Read through the data, and wherever a line holds the word "jagodine", write that line out.

Information:
^^^^^^^^^^^^^^^^
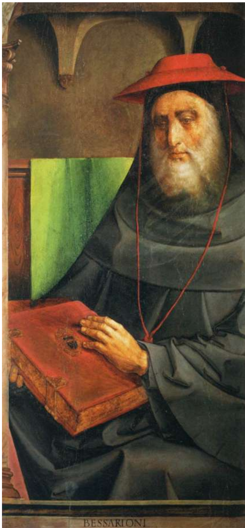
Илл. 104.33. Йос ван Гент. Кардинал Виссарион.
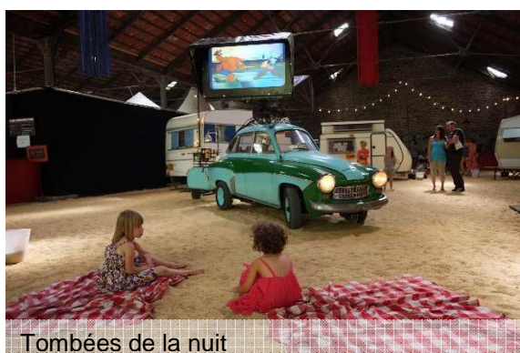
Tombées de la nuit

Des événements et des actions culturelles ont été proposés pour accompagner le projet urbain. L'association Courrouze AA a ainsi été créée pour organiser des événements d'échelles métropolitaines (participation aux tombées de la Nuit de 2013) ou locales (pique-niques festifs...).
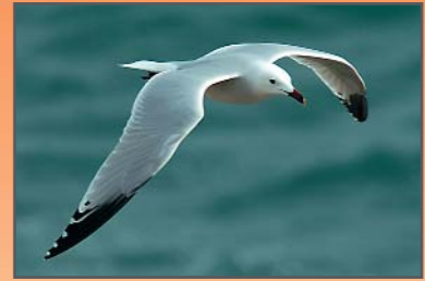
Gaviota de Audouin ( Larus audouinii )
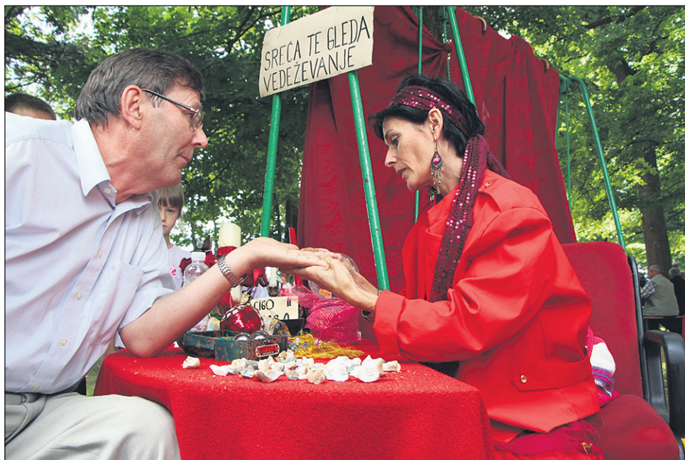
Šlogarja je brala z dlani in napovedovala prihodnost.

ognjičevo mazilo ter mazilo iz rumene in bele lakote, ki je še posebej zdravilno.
^^^^^^^^^^^^^^^^
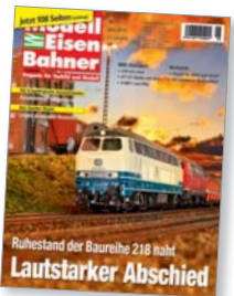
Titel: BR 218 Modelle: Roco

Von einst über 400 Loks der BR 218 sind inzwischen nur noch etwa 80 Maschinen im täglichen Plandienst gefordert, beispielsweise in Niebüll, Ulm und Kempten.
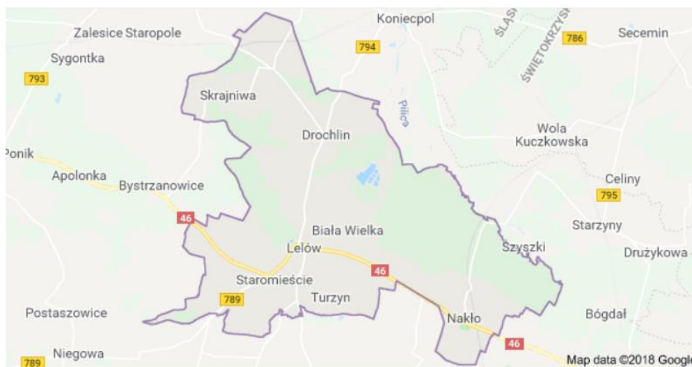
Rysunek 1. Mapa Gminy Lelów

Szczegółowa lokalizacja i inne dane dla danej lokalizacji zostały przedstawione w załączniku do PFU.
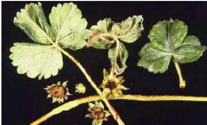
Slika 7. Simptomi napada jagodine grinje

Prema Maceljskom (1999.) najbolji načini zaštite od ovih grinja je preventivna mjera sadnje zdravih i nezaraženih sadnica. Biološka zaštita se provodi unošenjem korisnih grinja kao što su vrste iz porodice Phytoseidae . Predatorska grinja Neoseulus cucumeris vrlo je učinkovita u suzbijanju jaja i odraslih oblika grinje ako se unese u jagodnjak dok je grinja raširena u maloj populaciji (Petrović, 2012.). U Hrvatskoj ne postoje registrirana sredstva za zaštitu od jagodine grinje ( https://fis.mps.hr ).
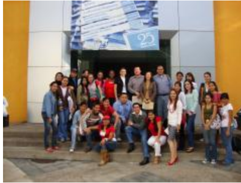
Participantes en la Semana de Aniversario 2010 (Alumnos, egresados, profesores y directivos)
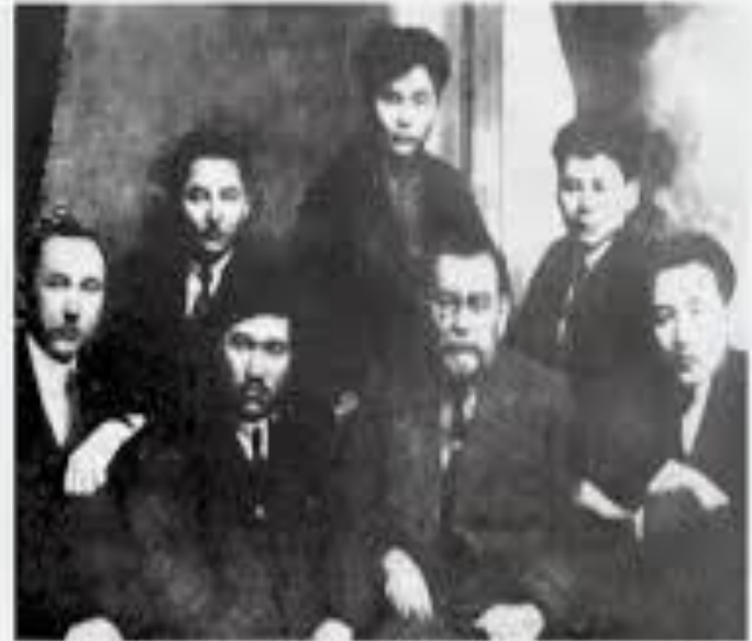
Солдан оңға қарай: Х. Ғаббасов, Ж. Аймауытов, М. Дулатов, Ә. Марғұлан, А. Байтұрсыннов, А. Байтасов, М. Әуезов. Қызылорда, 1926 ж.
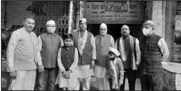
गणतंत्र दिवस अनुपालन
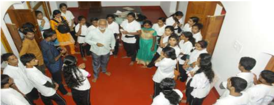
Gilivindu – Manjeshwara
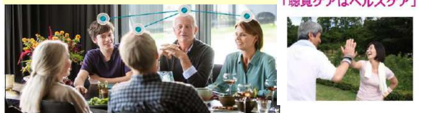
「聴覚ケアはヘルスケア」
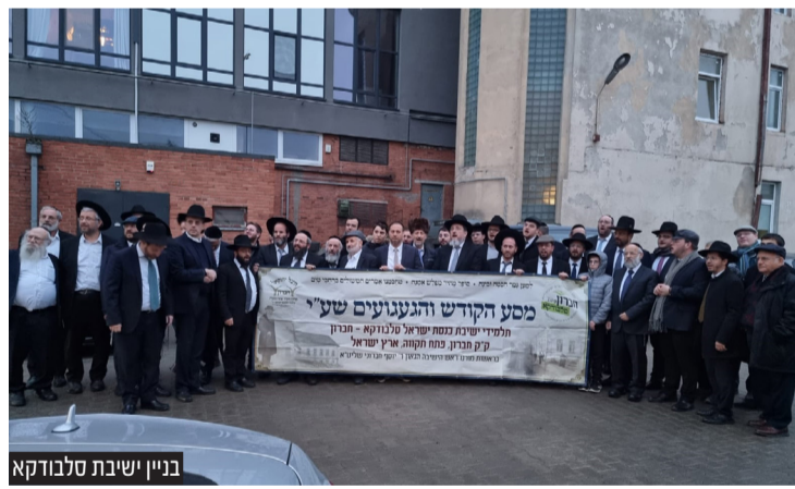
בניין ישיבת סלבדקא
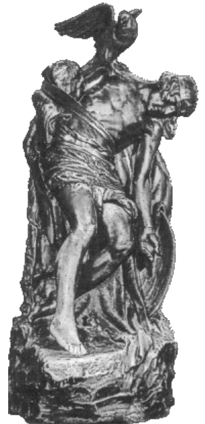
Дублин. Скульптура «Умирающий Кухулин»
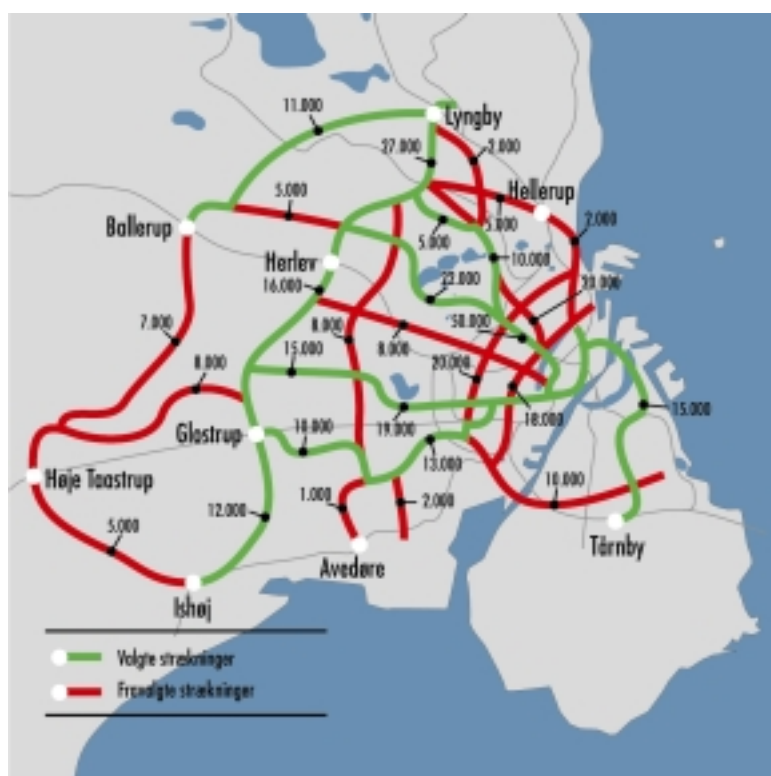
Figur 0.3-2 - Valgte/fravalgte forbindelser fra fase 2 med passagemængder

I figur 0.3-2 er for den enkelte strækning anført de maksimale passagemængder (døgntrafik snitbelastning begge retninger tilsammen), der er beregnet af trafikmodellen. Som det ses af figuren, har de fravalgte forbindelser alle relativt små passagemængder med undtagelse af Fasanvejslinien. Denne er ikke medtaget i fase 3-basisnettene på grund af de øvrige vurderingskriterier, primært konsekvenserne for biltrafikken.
^^^^^^^^^^^^^^^^
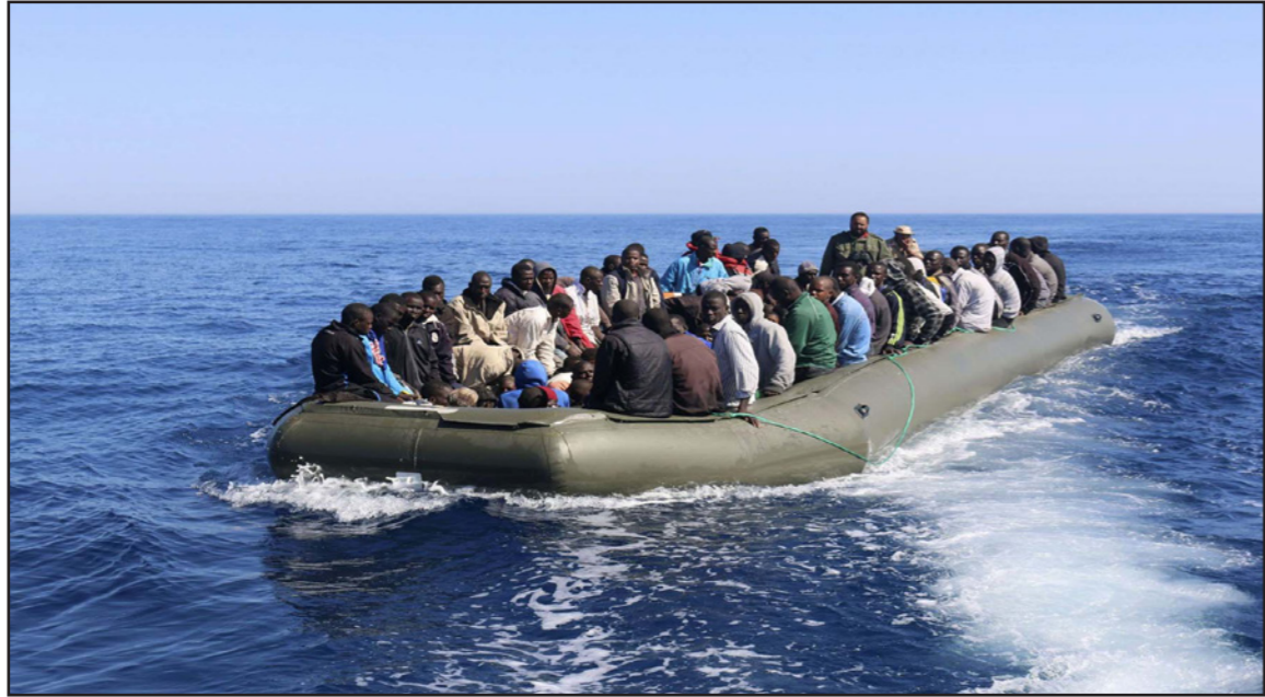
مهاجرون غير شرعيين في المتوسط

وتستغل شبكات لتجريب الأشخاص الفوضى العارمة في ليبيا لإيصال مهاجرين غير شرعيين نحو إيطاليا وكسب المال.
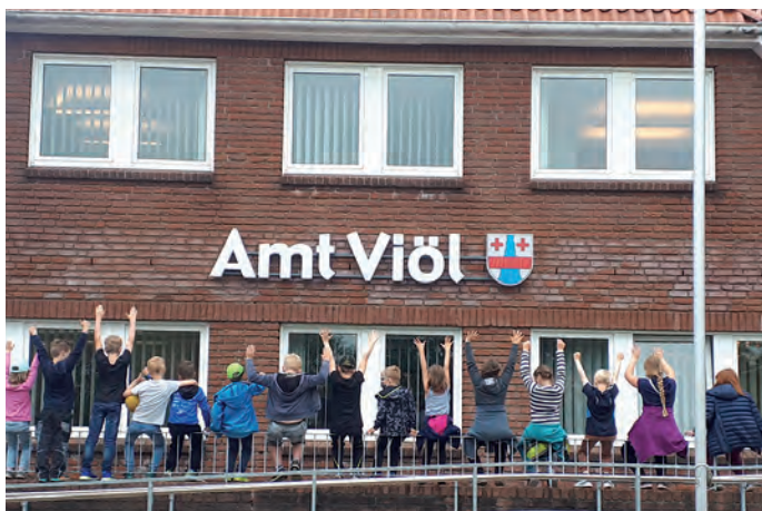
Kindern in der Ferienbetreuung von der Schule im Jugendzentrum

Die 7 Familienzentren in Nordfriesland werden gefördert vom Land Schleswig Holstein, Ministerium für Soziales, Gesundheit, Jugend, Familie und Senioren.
^^^^^^^^^^^^^^^^
Exercise output:
Slika 7. Simptomi napada jagodine grinje
Prema Maceljskom (1999.) najbolji načini zaštite od ovih grinja je preventivna mjera sadnje zdravih i nezaraženih sadnica. Biološka zaštita se provodi unošenjem korisnih grinja kao što su vrste iz porodice Phytoseidae . Predatorska grinja Neoseulus cucumeris vrlo je učinkovita u suzbijanju jaja i odraslih oblika grinje ako se unese u jagodnjak dok je grinja raširena u maloj populaciji (Petrović, 2012.). U Hrvatskoj ne postoje registrirana sredstva za zaštitu od jagodine grinje ( https://fis.mps.hr ).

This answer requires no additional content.